کلونی زنبور عسل خود تطبیقی مصنوعی برای بهینه سازی عددی جهانی
|کد مقاله||سال انتشار||مقاله انگلیسی||ترجمه فارسی||تعداد کلمات|
|10494||2012||7 صفحه PDF||سفارش دهید||محاسبه نشده|
Publisher : Elsevier - Science Direct (الزویر - ساینس دایرکت)
Journal : IERI Procedia, Volume 1, 2012, Pages 59–65
The ABC algorithm has been used in many practical cases and has demonstrated good convergence rate. It produces the new solution according to the stochastic variance process. In this process, the magnitudes of the perturbation are important since it can affect the new solution. In this paper, we propose a self adaptive artificial bee colony, called self adaptive ABC, for the global numerical optimization. A new self adaptive perturbation is introduced in the basic ABC algorithm, in order to improve the convergence rates. 23 benchmark functions are employed in verifying the performance of self adaptive ABC. Experimental results indicate our approach is effective and efficient. Compared with other algorithms, self adaptive ABC performs better than, or at least comparable to the basic ABC algorithm and other state-of-the-art approaches from literature when considering the quality of the solution obtained.

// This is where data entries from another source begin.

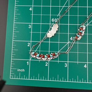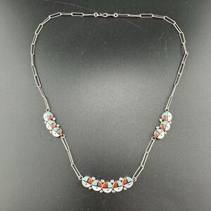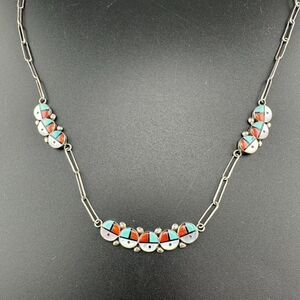 Vintage Zuni Sunface Sterling Silver Turquoise Inlay Sun Face Necklace. Good condition, light expected tarnish. Necklace is 16". I believe the stones are turquoise, mother of pearl, possibly coral and onyx.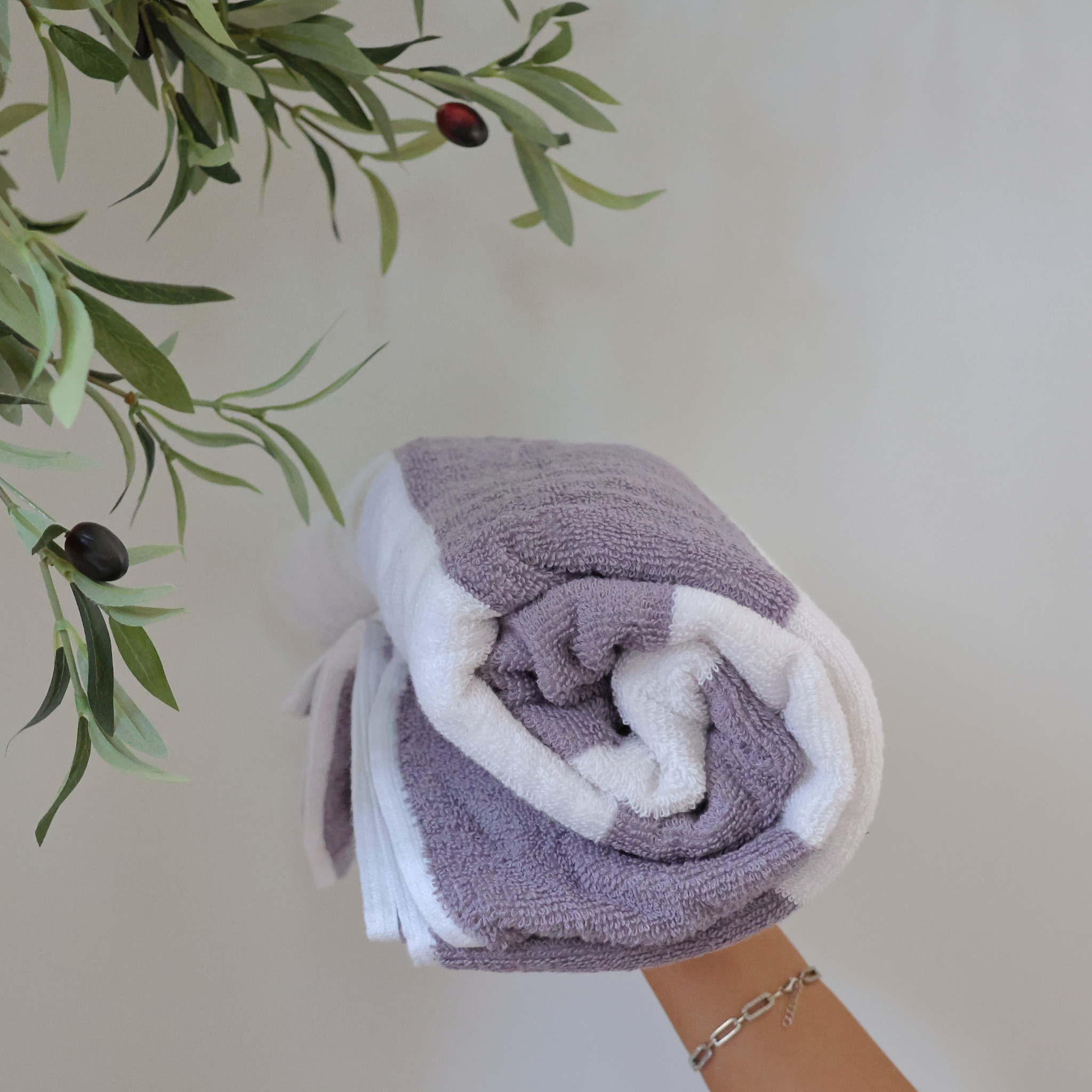 Toalla rayada gris plomo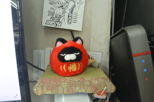 この猫は以前から持っているぬいぐるみの「福だるまバージョン」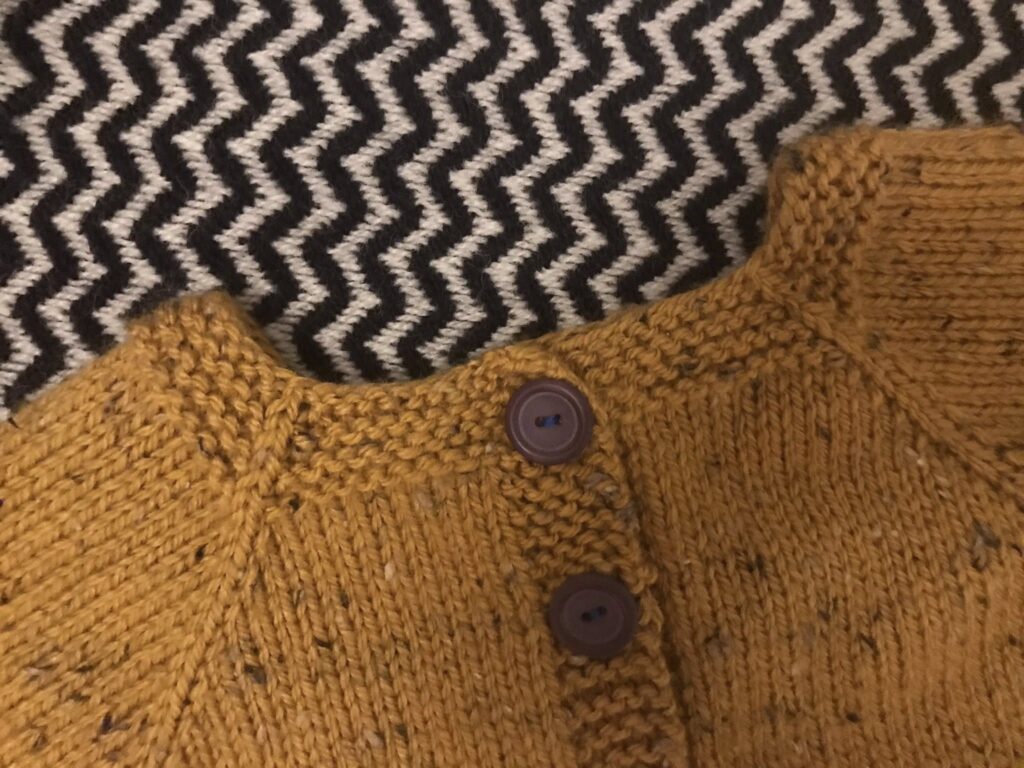 Drygt tre och ett halvt år efter att jag började blev den klar! En tröja till en väninna krävde mer än ett 400-gramsnystan, men inte så mycket mer, så av resten av det andra nystanet tänkte jag att jag kunde sticka en kofta till en nioåring. Första ärmen blev för lång, ett fäste på en…

Optimization problems play an important role in both industrial application fields and the scientific research world. During the past decade, we have viewed different kinds of meta-heursitic algorithms advanced to handle optimization problems. Among them, Meta-heuristic based methods, such as simulated annealing (SA), genetic algorithm (GA), particle swarm optimization algorithm (PSO), artificial bee colony (ABC), and differential evolution [1-4], may be one of the most popular methods. Particularly, artificial bee colony algorithm  is a population-based heuristic evolutionary algorithm inspired by the intelligent foraging behavior of the honeybee swarm. B. Akay and D. Karaboga  proposed a modify versions of the artificial bee colony. The modified artificial bee colony applied for efficiently solving real parameter optimization problem. The modified ABC algorithm employs a control parameter that determines how many parameters to be modified for the production of a neighboring solution. A scaling factor that tunes the step size adaptively was introduced. However, this field of study is still in its early days, a large number of future researches are necessary in order to develop the new version artificial bee colony algorithm for optimization problems. Since ABC is a particular instance of EA, it is interesting to investigate how self adaptive can be applied to it. Until now, there is no paper to focus on self-adaptive in ABC has been reported. In our paper, the parameter control technique is based on the self adaptive of the magnitudes of the perturbation, associated with the evolutionary process. The main goal here produces a flexible ABC, in terms of control parameter. We propose a self adaptive ABC which the variant of control parameter is changed according to the iteration. The low value of control parameter allows the search to find the optimal search in small step. However, it makes the convergence slower. A high value of control parameter speed up the search but it reduces the exploitation capability of the perturbation process. Therefore, we use this method which can balance the exploration and the exploitation of ABC.
نتیجه گیری انگلیسی
In this paper, we propose a self adaptive artificial bee colony, called self adaptive ABC. The proposed self adaptive method is an attempt to determine the values of control parameter ij . Our self adaptive ABC algorithm has been implemented and test on benchmark optimization problems taken from literature. 23 benchmark functions chosen from literature are employed. The results show that the proposed self adaptive ABC algorithm clearly outperforms the basic ABC. Compared with some evolution algorithms from literature, we find our algorithm is superior to or at least highly competitive with these algorithms. In this paper, we only consider the global optimization. The algorithm can be extended to solve other problem such as constrained optimization problems.